Learning About Kubernetes Admission Controllers and OPA Gatekeeper

Interested in Open Policy Agent and the Gatekeeper Project? In this post we will go over admission controllers, OPA, and Gatekeeper.

The Kubernetes (K8s) platform consists of several components that all work together in sync to provide advanced container orchestration and deployment strategies. In order to support an ever-increasing set of requirements, this system is built upon extensibility and a modular architectural style.

One of those extensibility features is admission controllers. These are software extensions that work alongside K8s and intercept requests to the K8s API before they are processed by the underlying system.

In this article, we will examine the more technical details of admission controllers and the benefits of gating admission. Then, we will explain the Open Policy Agent (OPA) and show you how its Gatekeeper agent provides first-class integration between OPA and K8s.

Let’s get started.

Understanding Admission Controllers

In simple terms, admission controllers are pieces of software that filter incoming requests and check what is allowed to run on your cluster. They are similar to filter functions in web frameworks like Spring or Rails, except that their scope is limited to creating, deleting, modifying, or connecting requests. Admission controllers are useful for compliance, extra validation, and security and policy requirements.

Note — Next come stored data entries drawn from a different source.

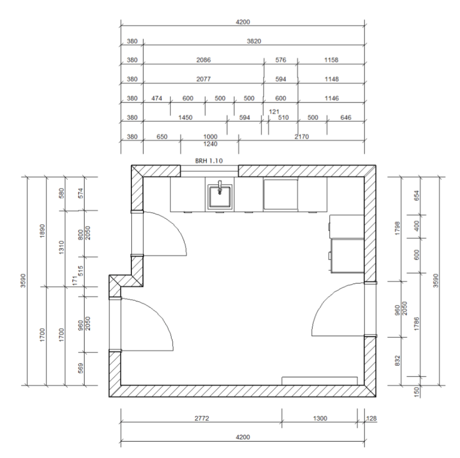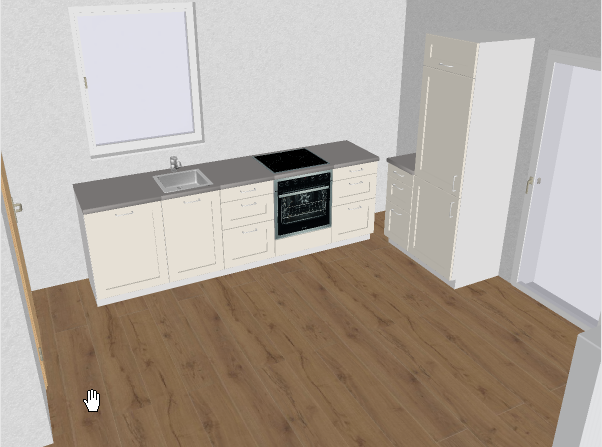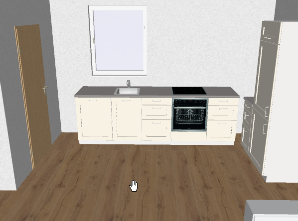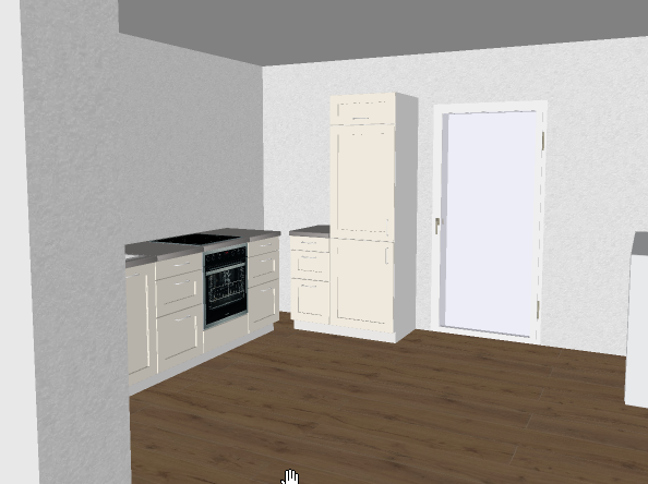 Mit den vorhandenen Möbeln (ein 60er-Unterschrank , ein 45er-Besenhochschrank und ein in der Tiefe gekürzter 50er-Vorratshochschrank sind nicht berücksichtigt) habe ich mal eine Planung angefangen, aber es fehlt einfach an Arbeitsfläche. Zudem fehlen zwischen Kühlschrank rechts und einem Lichtschalter ca. 5-10mm Platz. Und wenn ich zwischen Herd und Spüle etwas Arbeitsfläche einplane, liegen die Wasseranschlüsse nicht mehr hinter der Spüle. Einen Gasanschluss für den Herd können wir uns flexibel legen lassen. Links ist eine Tür zur Speisekammer, die 57 cm von der Wand entfernt liegt, d.h. hier kann keine normal breite Arbeitsfläche installiert werden.
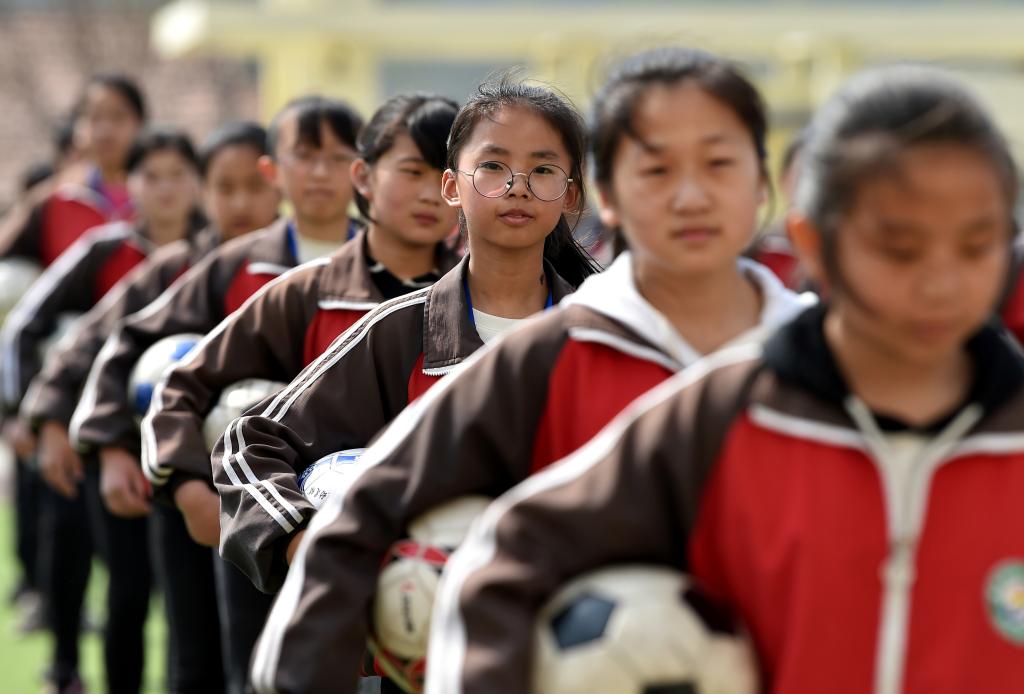 ↑這是學生們在做足球操(4月18日攝)。新華社記者詹彥攝
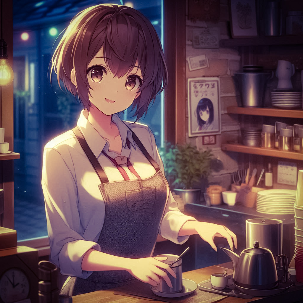 ترحب به زميلته انها فتاة في نفس سنه اسمها ايلزا لديها شعر بني قصير و ترتدي ملابس المقهى
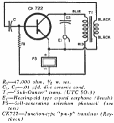 Este oscilador de bloqueo que aparece en otras partes de este sitio de otras fuentes se encontró en un manual de Raytheon de los años 60. El transistor está hecho de germanio.
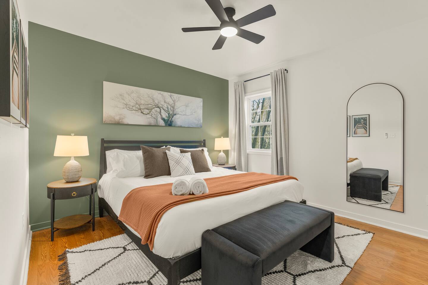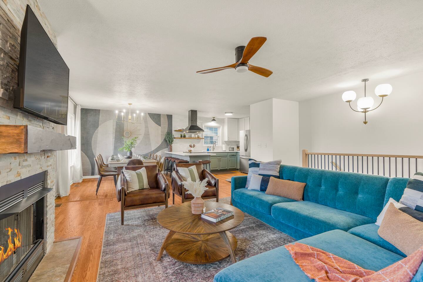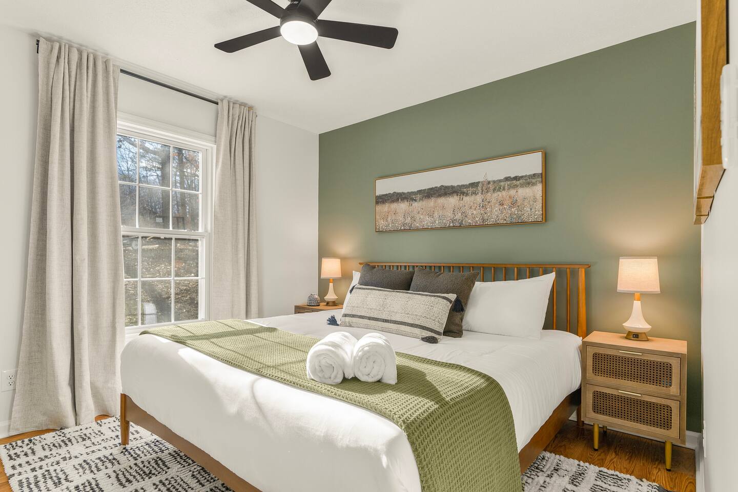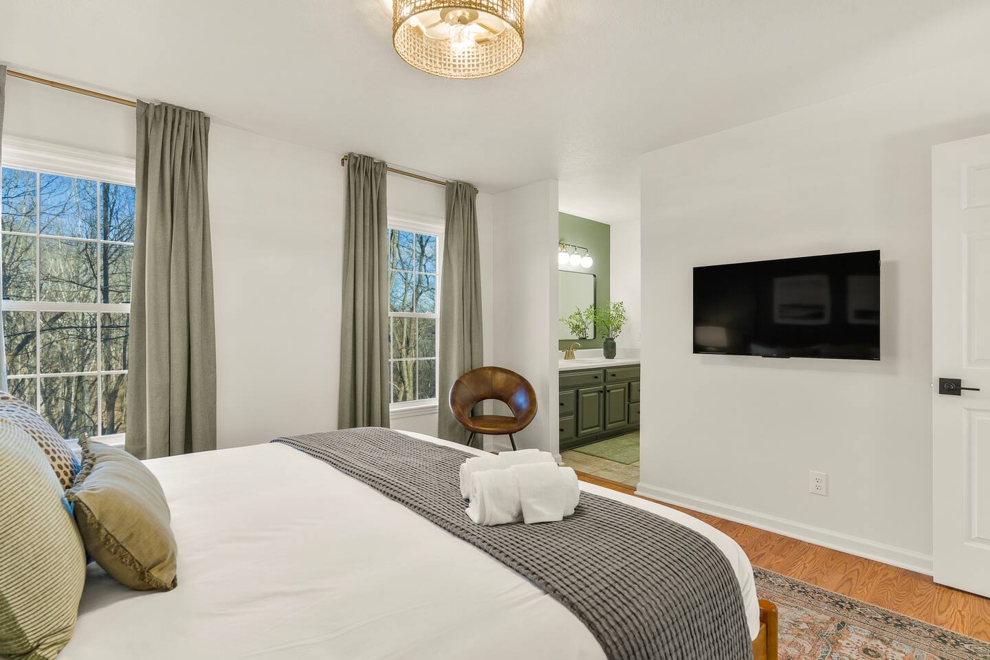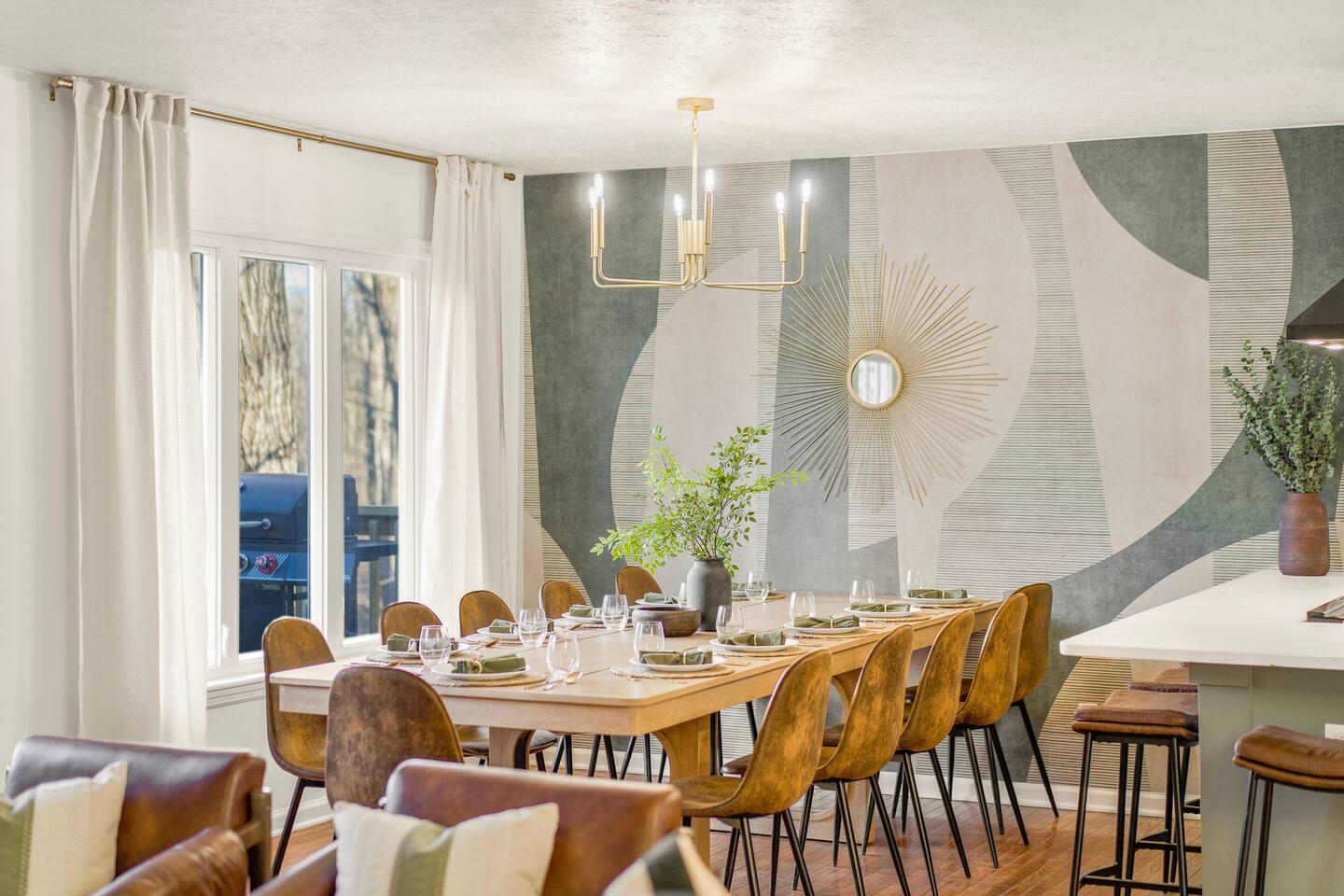 Welcome to Timber Ridge, a fully remodeled and designer-decorated home in Massanutten. With 6 bedrooms, the house sleeps 16 comfortably! Relax in the hot tub or sauna, then dine at the 16-person outdoor table or sip wine at the firepit. Inside you'll love the open floor plan and updated kitchen. Downstairs is a second living room/game room with foosball, karaoke, and arcade games. EV charger is in the driveway. Plus, pet friendly! Managed by New School Hosting- see my profile for more reviews.

Admission controllers consist of a list of modules compiled into the kube-apiserver application server, and they can be enabled/disabled using the enable-admission-plugins configuration value. Depending on your Kubernetes distribution, you may not have the option to configure this list. However, you can leverage the following compiled plugins:

  • MutatingAdmissionWebhook: When an incoming request happens, this admission controller triggers registered mutating admission webhooks one by one. These webhooks can modify objects sent to the API server or enforce custom defaults options.
  • ValidatingAdmissionWebhook: After the incoming request object passes through the mutating admission webhooks and the object schema validation phases, it goes through the ValidatingAdmissionWebhook, which is another list of registered admission webhooks that can reject incoming requests and enforce custom policies.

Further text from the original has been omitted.